Local Living and 20 Minute Neighbourhood - draft planning guidance: consultation analysis

We consulted on the Local Living and 20 Minute Neighbourhood: draft planning guidance between 27 April and 20 July 2023. The 10 consultation questions aimed to gather a broad range of public and stakeholder views on each element of the guidance.


9. Individuals’ perceptions of local living and 20 minute neighbourhoods

The vast majority of the 510 individuals who responded to the consultation expressed negative views towards the principle of local living and 20 minute neighbourhoods. A large number left the same negative comment repeatedly – 112 individuals left exactly the same comment at nine or all 10 of the open questions in the consultation, meaning their answers made up over one quarter of the 4,000 comments received in total.

Many individuals’ comments stemmed either from a concern that the policies will be implemented or imposed to restrict people from travelling more than 20 minutes from their homes, or from a misunderstanding that all services people need should be accessible within 20 minutes. While these views are important to consider, they do not directly address the focus of the consultation i.e. the content of the draft planning guidance. For transparency and completeness, this chapter provides an overview of the range of themes expressed in these comments.

Anti-democratic restriction on freedom of movement

By far the most prevalent themes raised by this group of respondents related to their perception of the anti-democratic nature of local living and 20 minute neighbourhoods. Comments fell into three strands: how the policy restricts movement, general comments, and that a decision has already been made.

Respondents frequently expressed the view that 20 minute neighbourhoods were to be imposed on them and that this represented an infringement on their human rights and limits their freedom of movement. Terms such as ‘prisons’, ‘ghettos’ and being penned or caged in were often used to express how respondents felt they would be restricted.

More broadly, this feeling led many to describe the proposals as government overreach or authoritarian, totalitarian or dystopian in nature. More specifically, some others suggested that introducing these measures was part of a wider conspiracy under the guise of the World Economic Forum’s Agenda 2030.

While policy of 20 minute neighbourhoods was widely consulted on as part of the development of NPF4, another strand of this theme was a perception that a decision on proceeding with local living and 20 minute neighbourhoods had already been made. These respondents argued that that the policy had not been consulted on or voted for, and some specifically suggested that the consultation paper was biased in presenting the concepts as going ahead.

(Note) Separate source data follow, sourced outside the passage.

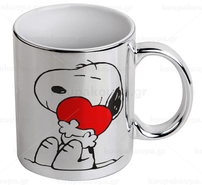 Snoopy, Κούπα κεραμική, ασημένια καθρέπτης, 330ml
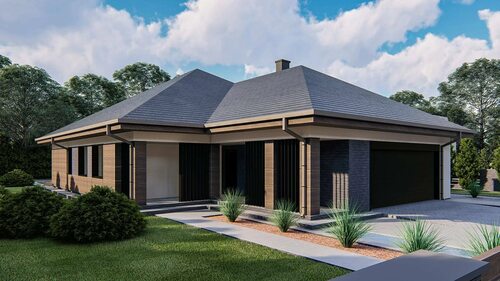 Этот проект представляет собой современный дом с вальмовой крышей, выполненной из металла. Благодаря своей форме и материалам, дом выглядит современно и стильно. Внутри вы найдете просторные помещения с большими окнами, позволяющими насладиться красивыми видами на окружающую природу.
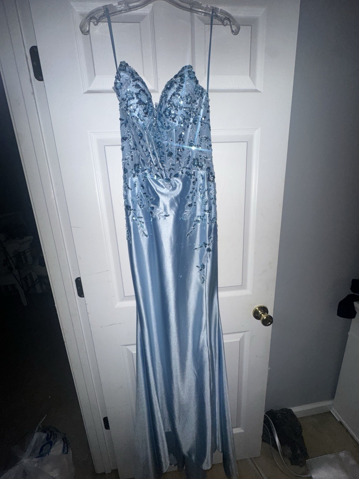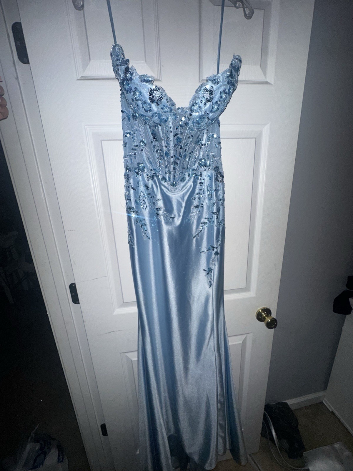 как выглядит Light Blue Prom Dress Size Small Sleeveless Mermaid Style Formal Dress фото
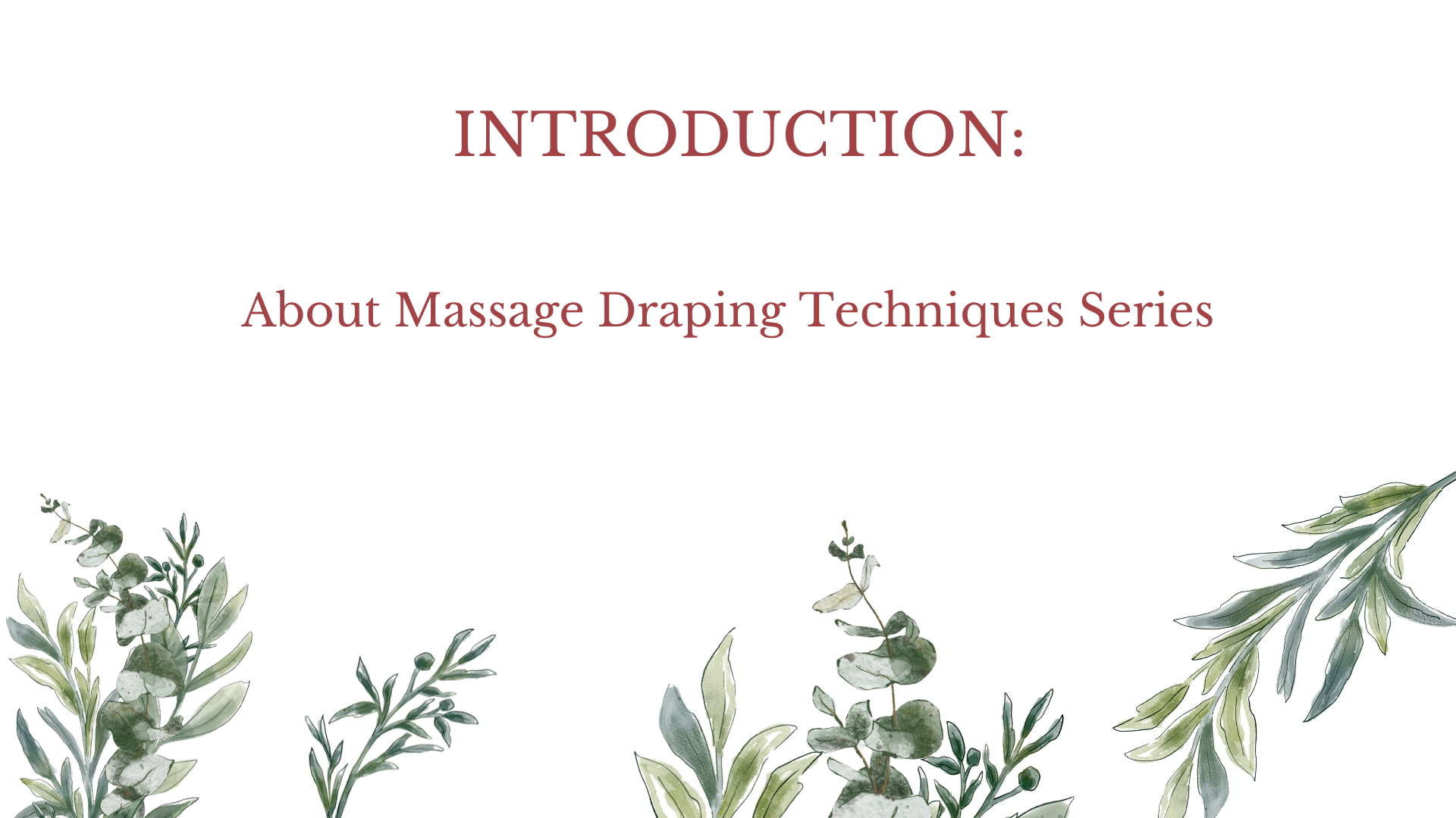INTRODUCTION: About Massage Draping Techniques Series introduces you to the essential practices of massage draping, covering each major area of the body. This short video previews the 8-part series, highlighting how proper draping ensures privacy, comfort, and optimal access for effective therapy. Start here to understand how to elevate your massage practice with professional draping skills.
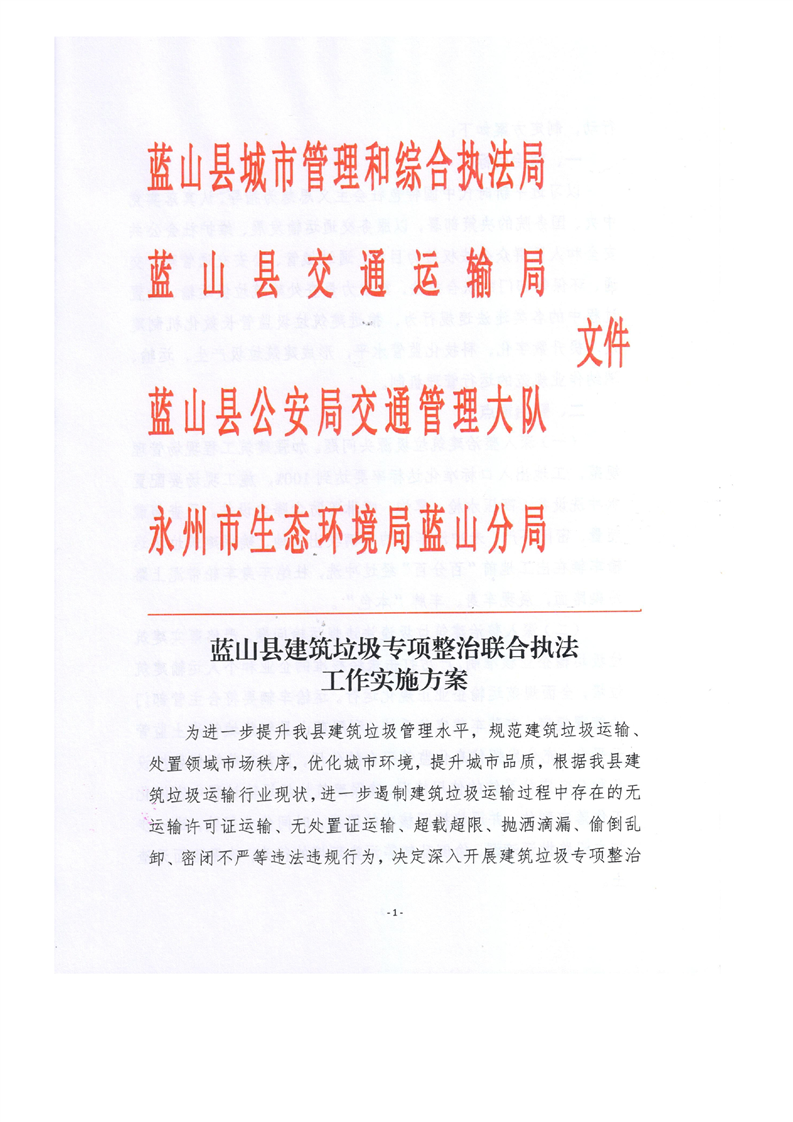 名称: 蓝山县建筑垃圾专项整治联合执法工作实施方案
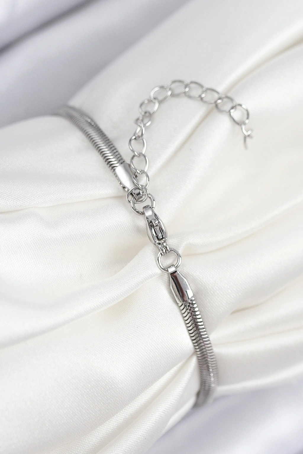 Pirinç Zirkon Taşlı Yıldız Model Gümüş Renk Kadın Bileklik

“Restricting the free movement of people is a terrible concept. What would be helpful is cancelling this completely.” – Individual

“These are not things that anyone has voted for, and such attempts to radically shift the style of living should not be being processed by the back door. If indeed these are so critical and with such overwhelming support, explain exactly what these entail and what is intended, and have a referendum on them.” – Individual

General negative comments

Many individuals repeatedly expressed negative views across the consultation. These comments were often brief, but typically expressed a view that local living and 20 minute neighbourhoods are a bad idea and neither wanted nor needed in Scotland. As a result, they called for the plans to be stopped or cancelled, or highlighted that they would continue to strongly oppose the implementation of the policy. A few argued that the plans were a waste of time and taxpayer money.

Impractical or unrealistic

The impractical nature of the proposals was repeatedly raised by many individuals. While these themes aligned with challenges noted in detail throughout this report, most comments provided little detail. They typically stated that:

  • The concepts were unrealistic to implement, without elaborating on why. Terms such as fantasy, pipe dream, and pie in the sky were often used.
  • A lack of services and effective infrastructure means people would be unable to access everything they need in their local area, and that there are also insufficient public finances to improve those provisions.
  • Many people have work or family commitments beyond 20 minutes from their home and, therefore, it would be impossible to live their lives fully if they were restricted to their immediate local area. A few specifically highlighted concerns about a lack of job opportunities within each area.
  • Local living and 20 minute neighbourhoods are impractical in rural areas and only appropriate for urban areas.

“Improve local town centres, local businesses and public transport that actually links communities and places where people want to go - that's the way to organically bring about 20 minute neighbourhoods, not by forcing them on people with fines and security cameras.” - Individual

“This is absolute nonsense and makes no sense. I work over an hour away from home and have to commute. Stop interfering in people's lives.” – Individual

“I work in the NHS which is currently 20-25 mins away via car. Would I then need to seek employment elsewhere? My son lives maybe same distance away; does that then mean I cannot see him again?” - Individual

Criticism of government

Criticism of the Scottish Government, SNP and Scottish Green Party, and local government was evident in comments. Respondents expressed a range of views, including a dislike of individual politicians, lack of effectiveness of central and local government, a distrust of government, and calls for a greater focus on other policies such as health and transport.

A small number of respondents repeatedly either raised their dislike of the government’s focus on tackling climate change or questioned whether climate change exists.